[FFmpeg-devel] [PATCH V2 4/4] dnn/vf_dnn_detect: add tensorflow output parse support
Guo, Yejun
yejun.guo at intel.com
Tue May 11 05:55:39 EEST 2021
> -----Original Message-----
> From: ffmpeg-devel <ffmpeg-devel-bounces at ffmpeg.org> On Behalf Of Guo,
> Yejun
> Sent: 2021年5月10日 14:14
> To: FFmpeg development discussions and patches
> <ffmpeg-devel at ffmpeg.org>
> Subject: Re: [FFmpeg-devel] [PATCH V2 4/4] dnn/vf_dnn_detect: add
> tensorflow output parse support
>
>
>
> > -----Original Message-----
> > From: ffmpeg-devel <ffmpeg-devel-bounces at ffmpeg.org> On Behalf Of Ting
> > Fu
> > Sent: 2021年5月6日 16:46
> > To: ffmpeg-devel at ffmpeg.org
> > Subject: [FFmpeg-devel] [PATCH V2 4/4] dnn/vf_dnn_detect: add
> tensorflow
> > output parse support
> >
> > Testing model is tensorflow offical model in github repo, please refer
> >
> https://github.com/tensorflow/models/blob/master/research/object_detecti
> > on/g3doc/tf1_detection_zoo.md
> > to download the detect model as you need.

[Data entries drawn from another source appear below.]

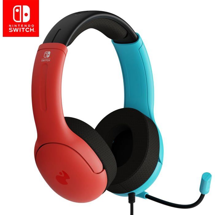 TIANYI-Pdp Gaming Lvl40 Stereo Casque avec Mic pour Nintendo Switch - Pc, Ipad, Mac, laptop Compatible - Noise Cancelling Microphone, Soft Compourt On Ear Headphones, 3.5 Mm Jack - Neon Bleu-Rouge
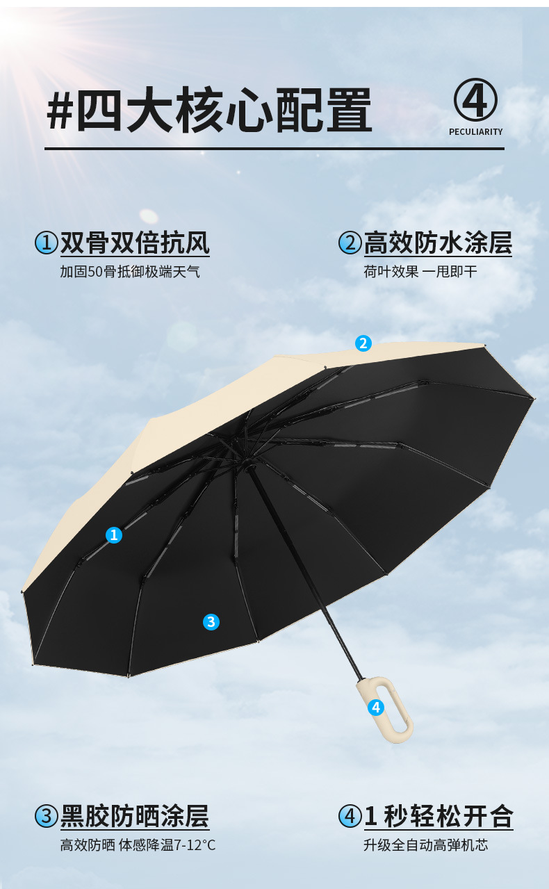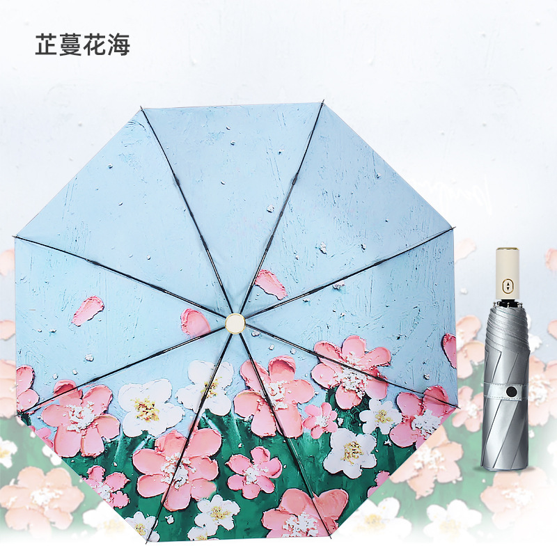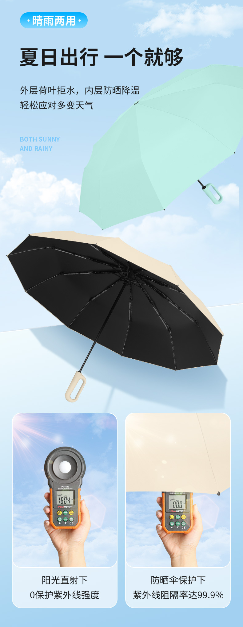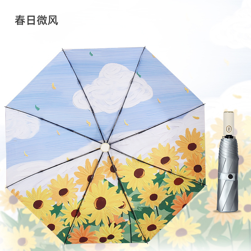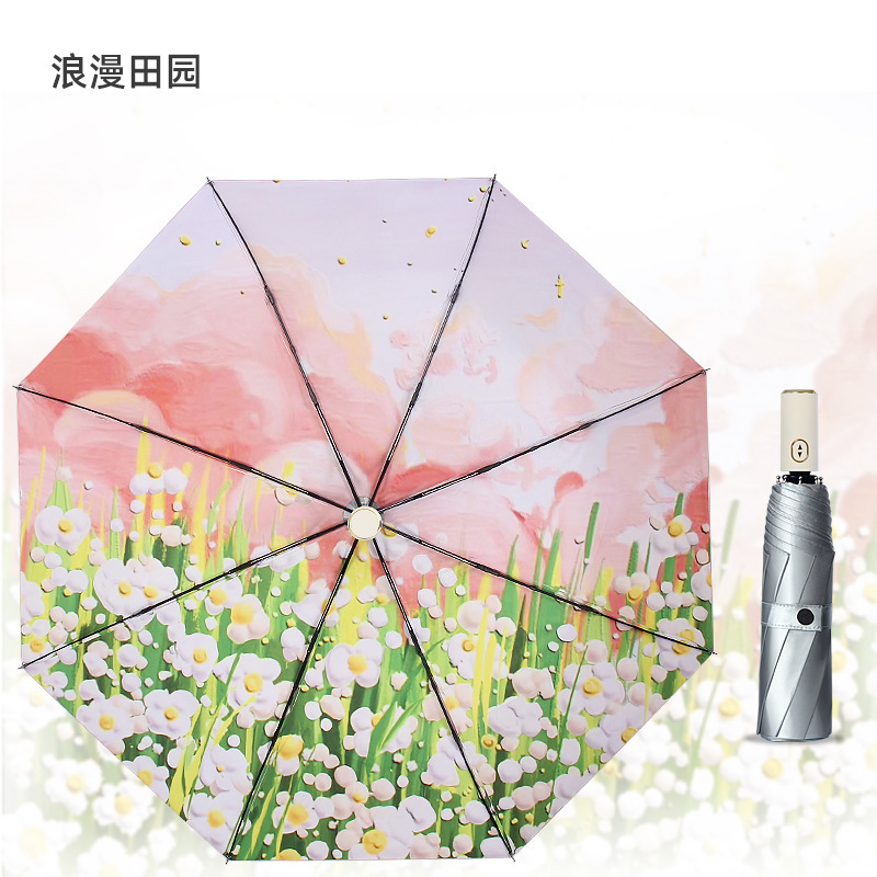 3 배 자동 우산 버클 대형 써니 우산 태양 보호 UV 보호 접히는 유니섹스 태양 우산 야외 파라솔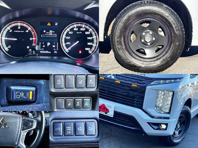 乗車定員(8人) / エアコン(オート) / パワーステアリング / パワーウィンドウ / 集中ドアロック / エアバッグ / 助手席エアバッグ / サイドエアバッグ / ABS / トラクションコントロール / クルーズコントロール / バックカメラ(フロント) / スマートキー / パワースライドドア / パワーバックドア / フォグランプ /
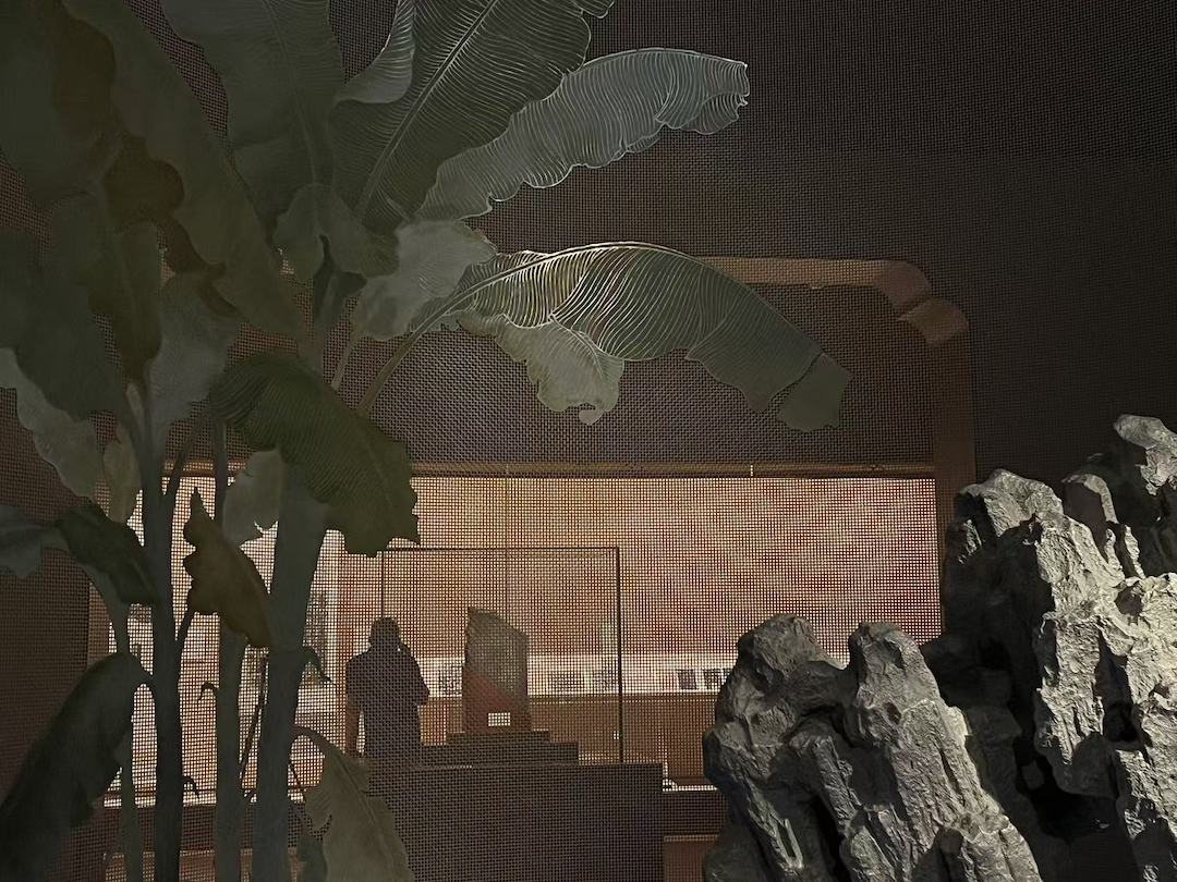 走进上博书法馆,它的序幕厅展示的不仅仅是一个装置作品,更是一个序幕隔断。序幕中外影绰绰的“蕉石”来自唐孙位《高逸图》的经典画意。这里创造了一个“种蕉厅”,是书画馆的八大景点之一,促使进入展厅的观众瞬间沉浸在一种安静的展览氛围中,在自然和人文意境中感受到中国的汉墨丹青。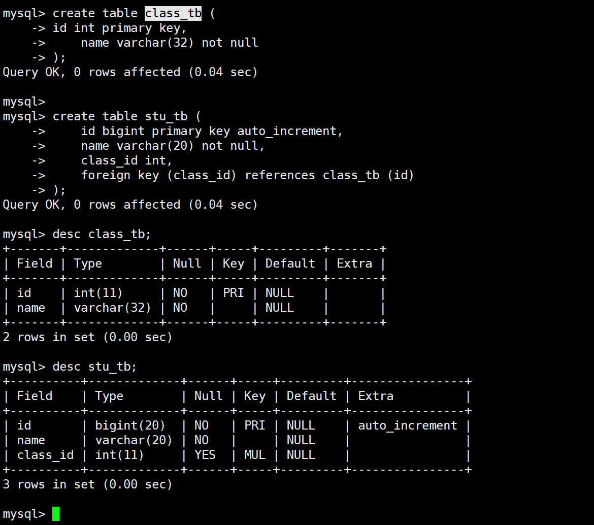 理论上,上面的例子,我们不创建外键约束,就正常建立学生表,以及班级表,该有的字段我们都有。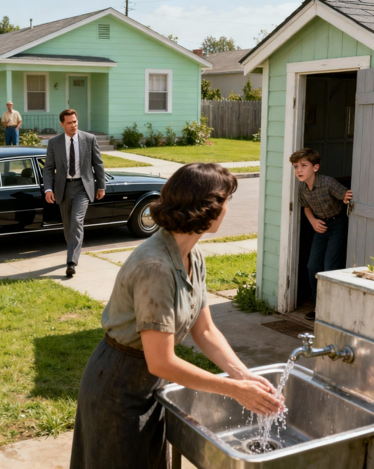Elena stała na swoim podwórku z podwiniętymi rękawami i prała ubrania w metalowej misce. Jamie bawił się w pobliżu, rysując patykiem obrazki na ziemi.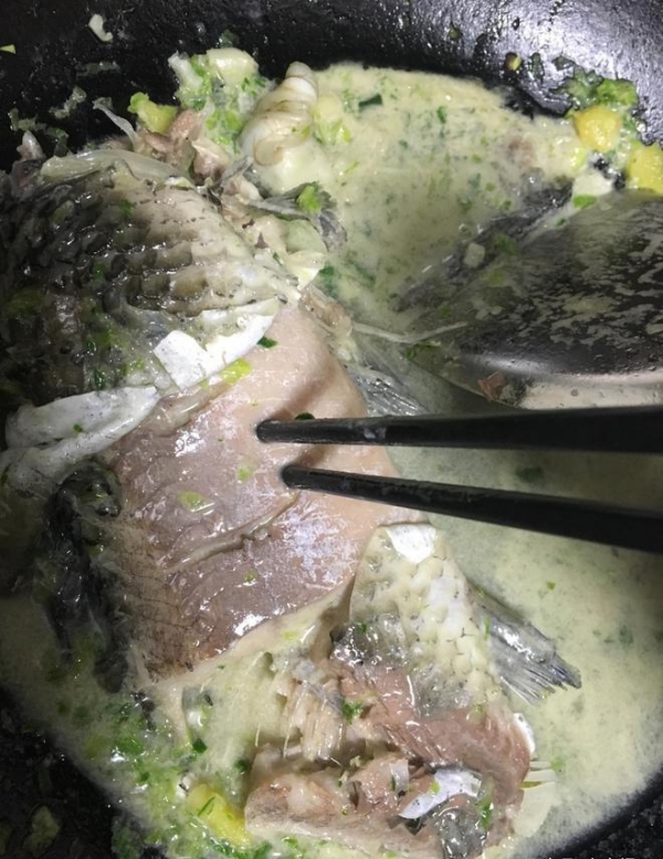 但是今天的这条鱼,下锅几分钟后渐渐觉得有点不对劲。没有鱼肉香,而且看着还是硬硬的,再煮多几分钟,鱼肉还没有如平常那样裂开。拿筷子戳,居然是硬梆梆的。继续煮,筷子戳着只留下印记,鱼肉还是没煮开。正常鱼肉很快会煮得软软烂烂的,尤其鱼肚子上的肉,拿筷子轻轻一拨就能沿着大鱼刺带下来。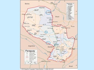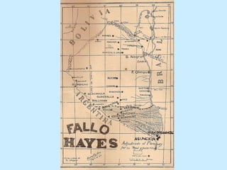 El documento detalla la evolución de los límites territoriales entre Argentina y Paraguay desde el tratado de 1811 hasta la firma del tratado definitivo de límites en 1939 y sus posteriores ratificaciones. Se menciona la influencia de conflictos bélicos, como la Guerra de la Triple Alianza, y la importancia de ríos como el Pilcomayo en las disputas limítrofes. También se abordan proyectos contemporáneos para gestionar el agua y resolver desacuerdos relacionados con el cauce del río.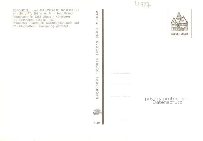 73163660 Luegde Berghotel Koeterberg Restaurant Fernmeldeturm postalisch nicht gelaufen Erhaltung siehe scans [FriedD77] KatCode: 11110005766052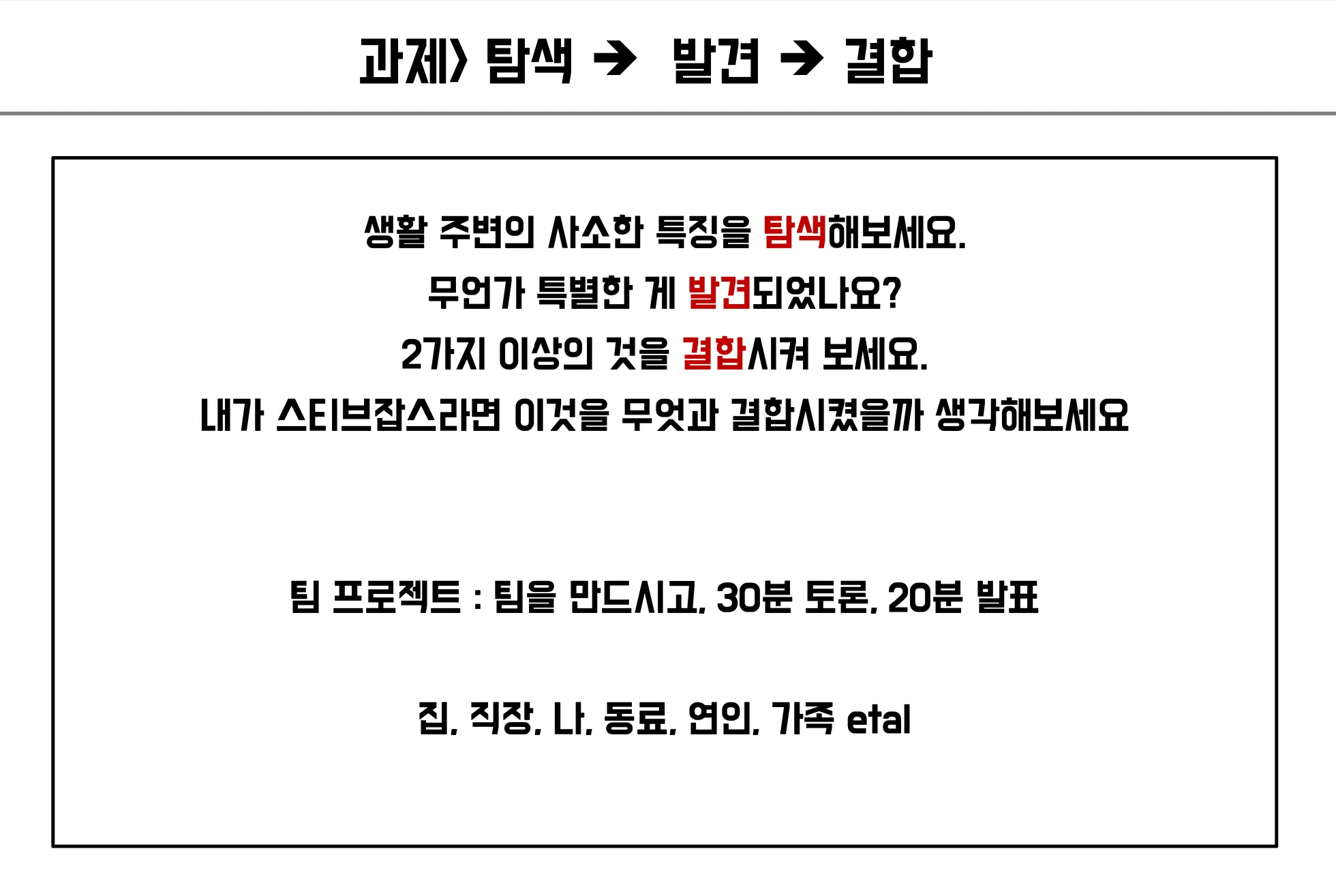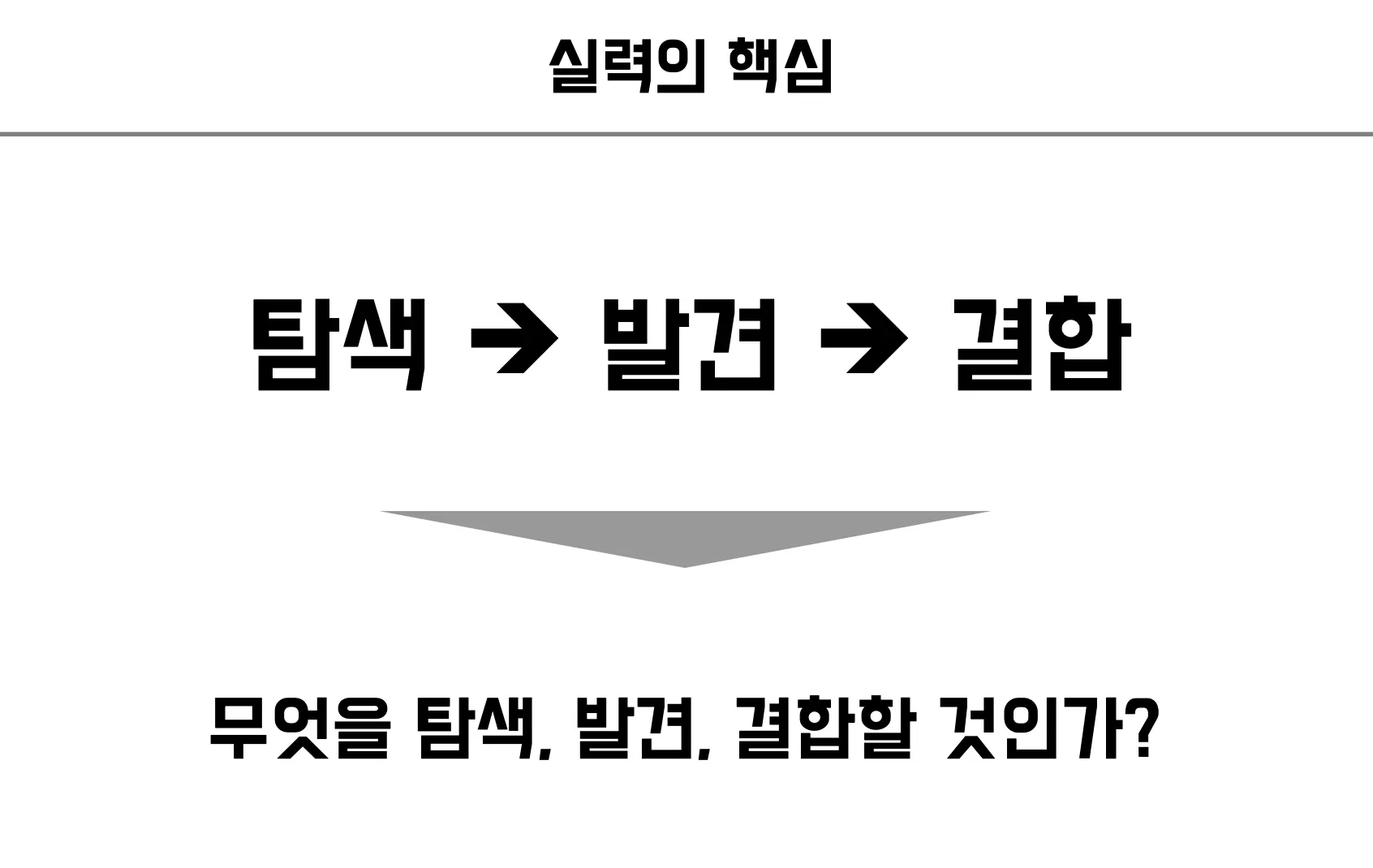 Q1. 강의에서 [탐색 - 발견 - 결합]의 과정을 강조하고 동시에 ‘핵심역량’을 결합하는 게 아주 중요하다고 말합니다. 여러분은 ‘탐색’을 잘 하는 편인가요? 또 나만의 핵심역량이 있나요?

> > For example, local testing was carried on with
> > 'ssd_mobilenet_v2_coco_2018_03_29.tar.gz', and
> > used one image of dog in
> >
> https://github.com/tensorflow/models/blob/master/research/object_detecti
> > on/test_images/image1.jpg
> >
> > Testing command is:
> > ./ffmpeg -i image1.jpg -vf
> > dnn_detect=dnn_backend=tensorflow:input=image_tensor:output=\
> >
> "num_detections&detection_scores&detection_classes&detection_boxes":m
> > odel=ssd_mobilenet_v2_coco.pb,\
> > showinfo -f null -
> >
> > We will see the result similar as below:
> > [Parsed_showinfo_1 @ 0x33e65f0] side data - detection bounding boxes:
> > [Parsed_showinfo_1 @ 0x33e65f0] source: ssd_mobilenet_v2_coco.pb
> > [Parsed_showinfo_1 @ 0x33e65f0] index: 0, region: (382, 60) ->
> > (1005, 593), label: 18, confidence: 9834/10000.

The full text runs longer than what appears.